** Opening Supplied data block **

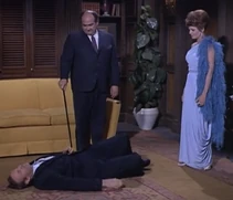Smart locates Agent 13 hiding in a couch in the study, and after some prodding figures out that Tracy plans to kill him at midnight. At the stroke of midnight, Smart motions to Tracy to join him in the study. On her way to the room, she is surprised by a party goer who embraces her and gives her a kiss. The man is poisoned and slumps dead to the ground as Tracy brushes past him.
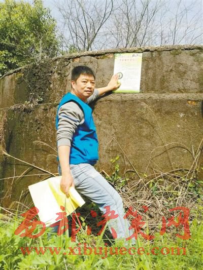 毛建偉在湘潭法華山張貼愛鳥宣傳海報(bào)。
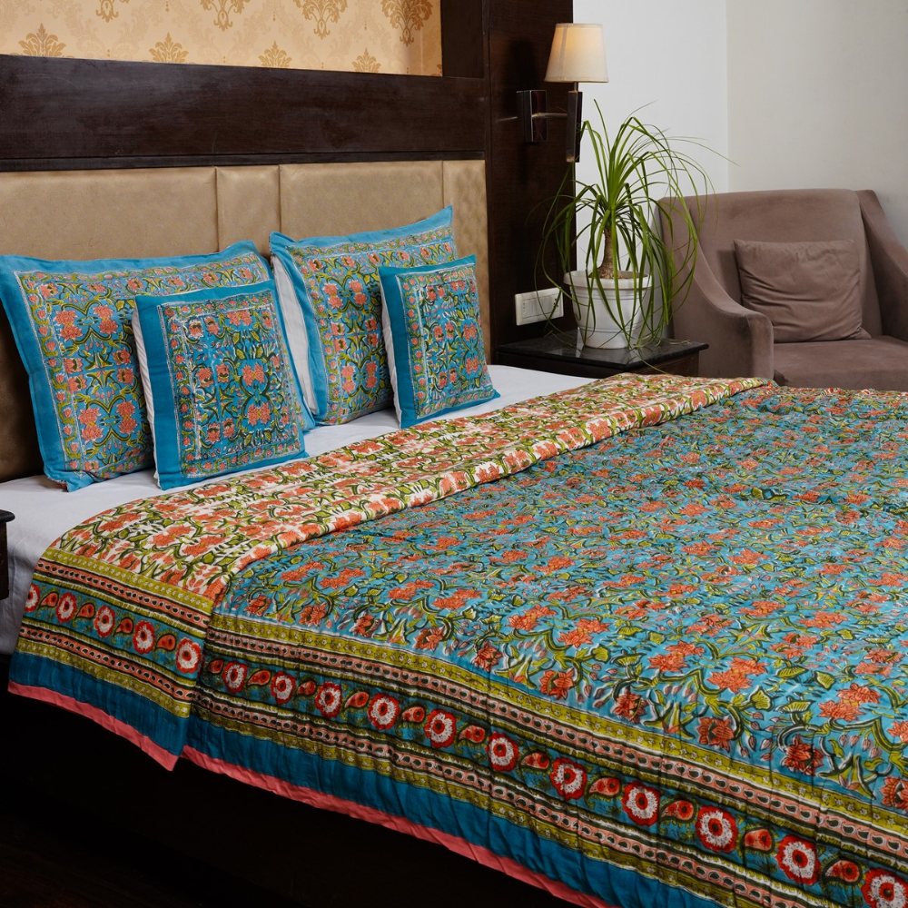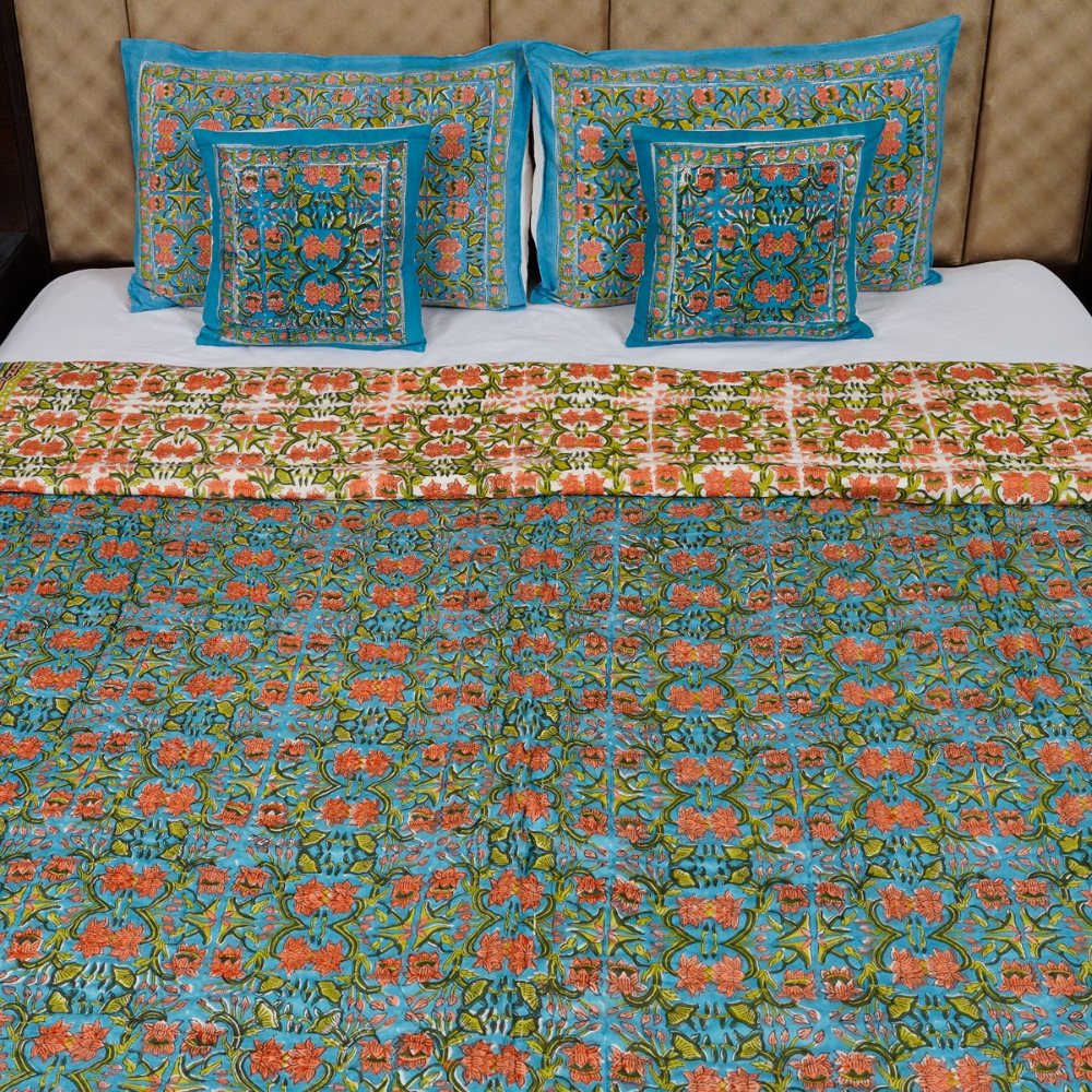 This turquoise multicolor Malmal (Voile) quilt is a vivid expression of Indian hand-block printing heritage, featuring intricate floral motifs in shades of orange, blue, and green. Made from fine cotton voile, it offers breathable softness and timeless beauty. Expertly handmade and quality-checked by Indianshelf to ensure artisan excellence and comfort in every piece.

** Closing Supplied data block **
** Opening Supplied data block **

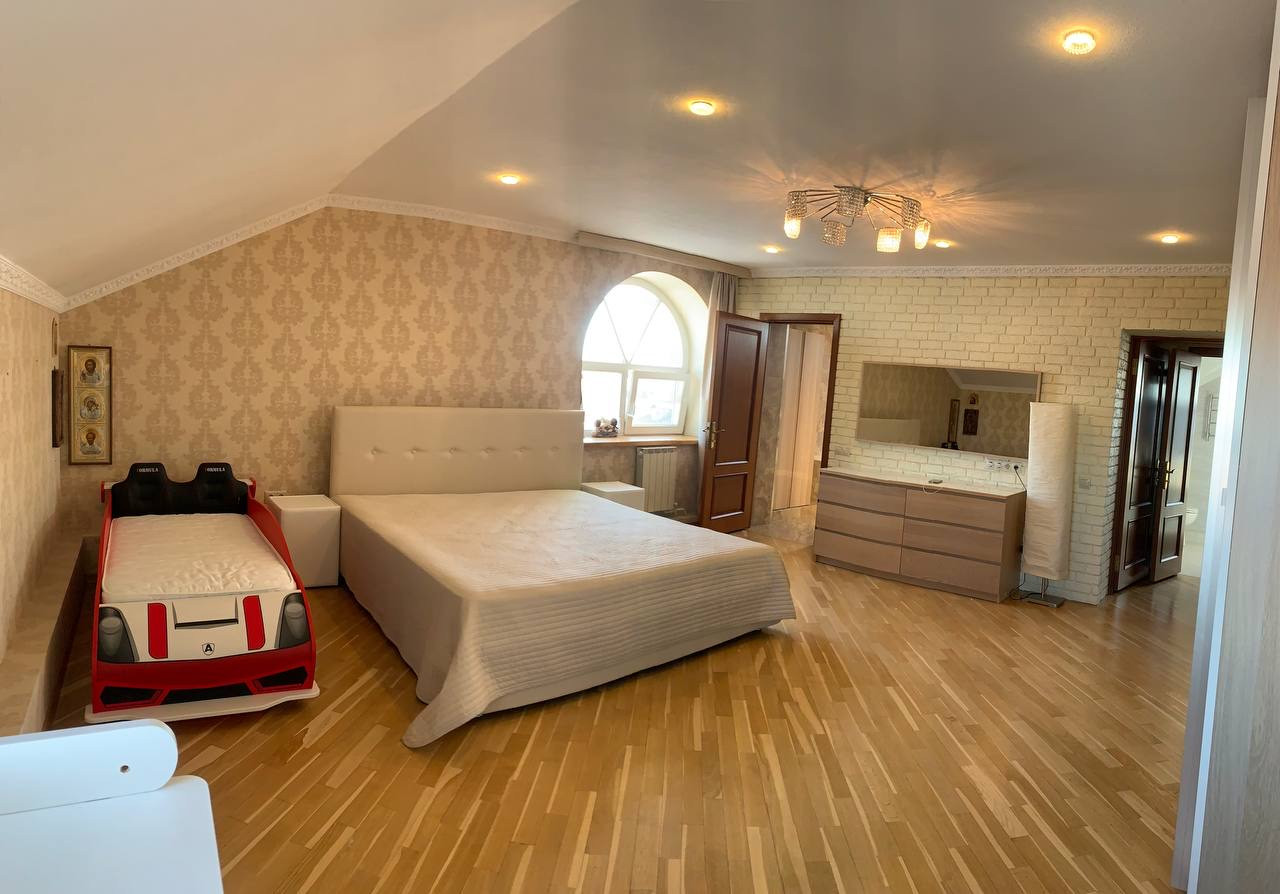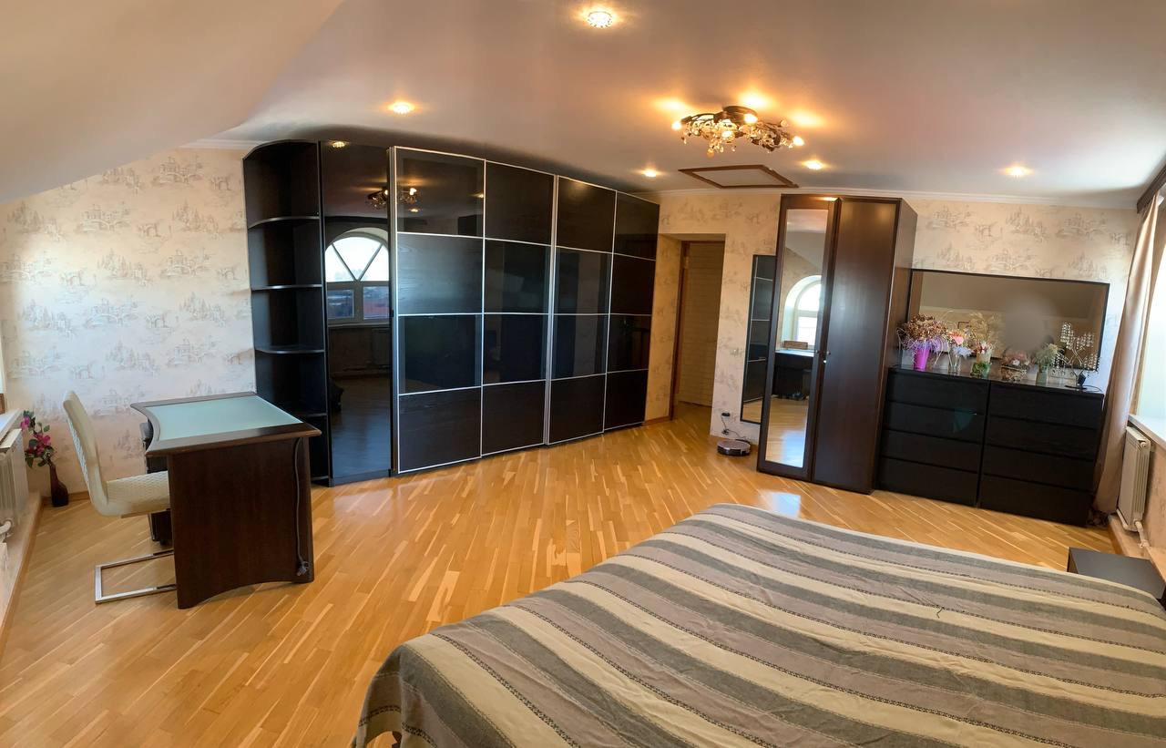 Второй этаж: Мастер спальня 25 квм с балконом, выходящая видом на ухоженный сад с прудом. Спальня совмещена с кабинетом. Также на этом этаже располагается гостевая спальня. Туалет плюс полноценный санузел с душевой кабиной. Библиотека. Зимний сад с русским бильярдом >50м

** Closing Supplied data block **
** Opening Supplied data block **

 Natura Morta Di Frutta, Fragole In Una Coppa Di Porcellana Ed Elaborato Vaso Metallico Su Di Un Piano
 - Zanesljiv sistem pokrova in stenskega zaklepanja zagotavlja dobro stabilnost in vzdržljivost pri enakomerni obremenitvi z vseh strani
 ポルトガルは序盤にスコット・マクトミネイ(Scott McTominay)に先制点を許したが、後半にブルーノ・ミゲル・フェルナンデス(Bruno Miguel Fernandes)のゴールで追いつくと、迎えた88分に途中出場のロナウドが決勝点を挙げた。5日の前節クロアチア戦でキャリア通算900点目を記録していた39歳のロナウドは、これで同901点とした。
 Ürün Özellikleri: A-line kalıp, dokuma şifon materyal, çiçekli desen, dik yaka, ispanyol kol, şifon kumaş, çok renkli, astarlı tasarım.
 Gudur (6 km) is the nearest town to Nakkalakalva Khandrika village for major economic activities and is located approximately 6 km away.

** Closing Supplied data block **

**Exercise directions**
Output only the stretch above from the line with "Smart locates Agent" through the line with "This turquoise multicolor", reproduced exactly. Exclude pictures.

**Written reply**
Smart locates Agent 13 hiding in a couch in the study, and after some prodding figures out that Tracy plans to kill him at midnight. At the stroke of midnight, Smart motions to Tracy to join him in the study. On her way to the room, she is surprised by a party goer who embraces her and gives her a kiss. The man is poisoned and slumps dead to the ground as Tracy brushes past him.
 毛建偉在湘潭法華山張貼愛鳥宣傳海報(bào)。
 This turquoise multicolor Malmal (Voile) quilt is a vivid expression of Indian hand-block printing heritage, featuring intricate floral motifs in shades of orange, blue, and green. Made from fine cotton voile, it offers breathable softness and timeless beauty. Expertly handmade and quality-checked by Indianshelf to ensure artisan excellence and comfort in every piece.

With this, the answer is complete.